Как председатель дело повел, так и вышло. Раньше — чего там, приноравливайся к району, и дела твои как по маслу. Сейчас что-то не получается. Жизнь иная совсем… Сейчас к работе все тянутся, все хотят быть генералами…
Рассуждая так, председатель собой был недоволен. Эх, Василий Иванович, неужто стареешь ты?..
В окно постучали. Егор Егорыч Мартьянов пришел сказать, что все комбайны перешли на прямую уборку. Чернышев взбесился. И уже больше не слушал, что говорил ему бригадир: забыв про боль в пояснице, кружил по горнице…
Егор Егорыч опешил.
— А я думал, что вы с агрономом согласовали…
— Теща думала на печи!
Накинув пиджак, не завязав свой традиционный галстук. Чапай ринулся к выходу.
— Ты куда? — взмолилась жена. — Вот леший!

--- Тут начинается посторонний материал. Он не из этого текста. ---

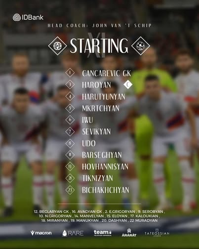 Ֆուտբոլի Հայաստանի հավաքականի հոլանդացի գլխավոր մարզիչ Ջոն վան’տ Սխիպը հրապարակել է մեկնարկային կազմը Վրաստանի թիմի դեմ Ազգերի լիգայի B դիվիզիոնի ուղեգրի համար անցումային փլեյ-օֆֆի պատասխան խաղում։
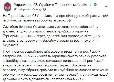 Служба безпеки України задокументовала колабораційну діяльність одного із прихильників «руZZкого міра» на Тернопільщині, який серед односельчан проводив агітаційну діяльність, заперечуючи збройну агресію та воєнні злочини окупантів.
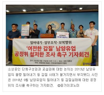 ◇대리점 단체협상권 부정하는 공정위=2013년 남양유업 대리점 갑질 사태가 촉발된 직후, 남양유업은 2020년이 돼서야 대리점단체에 협상권을 부여하기로 했다. 그러나 법률상에서 대리점 단체협상권의 법적 근거를 마련하는 것은 쉽지가 않다. 공정위가 대리점 단체구성권은 동의하고 있지만, 협의권 보장에는 부정적 입장을 표명하고 있기 때문이다.

Чернышев сам пошел домой к шоферу и привел его в гараж. Приказал:
— На ток.
Всю дорогу Чапай шевелил губами. Но вслух, шоферу — ни слова. Насупился. Гроза! Лучше не трогай.

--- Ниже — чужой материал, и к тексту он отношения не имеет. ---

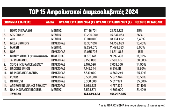 Σκοπός αυτής της λίστας είναι να έχουμε μια πιο επικαιροποιημένη εικόνα της αγοράς από τα δημοσιευμένα στοιχεία στο ΓΕΜΗ που δυστυχώς παρουσιάζουν – για όποιον τα συλλέξει και τα επεξεργαστεί – την εικόνα προ διετίας. Τα οικονομικά στοιχεία που παρουσιάζουμε είναι κατά προσέγγιση και κατά δήλωση των ίδιων των εταιρειών με τις οποίες ήρθαμε σε επικοινωνία και για αυτό θα παρατηρήσετε ότι κάποιες εταιρείες που υπάρχουν στη λίστα με τους μεγαλύτερους Μεσίτες & Πράκτορες με στοιχεία του 2023, δεν υπάρχουν εδώ. Αυτές είναι οι εταιρείες Mondial Assistance, Carpenter Turner, Πειραιώς Agency Solutions, Insurance Beat, ΝΝ Πρακτορειακή & Aegean Πρακτορειακή που για δικούς τους – σεβαστούς λόγους – δεν μας κοινοποίησαν τα οικονομικά τους στοιχεία.

На току без лишних разговоров обошел вороха зерна, строго прикрикнул на девчонок, крутивших веялки, — те сразу как-то притихли; потом прошелся и там, где подбрасывали, перелопачивая, зерно, — машина не справлялась с очисткой; увидев Мокея Зябликова, подозвал его к себе.
— А ты почему не с пчелами?
— Горячие денечки, товарищ председатель, — не растерялся Мокей. — Пособить надо. Там и помощница сейчас управится, а здесь глаз нужен: Сергей Павлович попросил — вроде начальником тока…
— Вот как…
Чернышев сел в машину и приказал ехать в район, в райком.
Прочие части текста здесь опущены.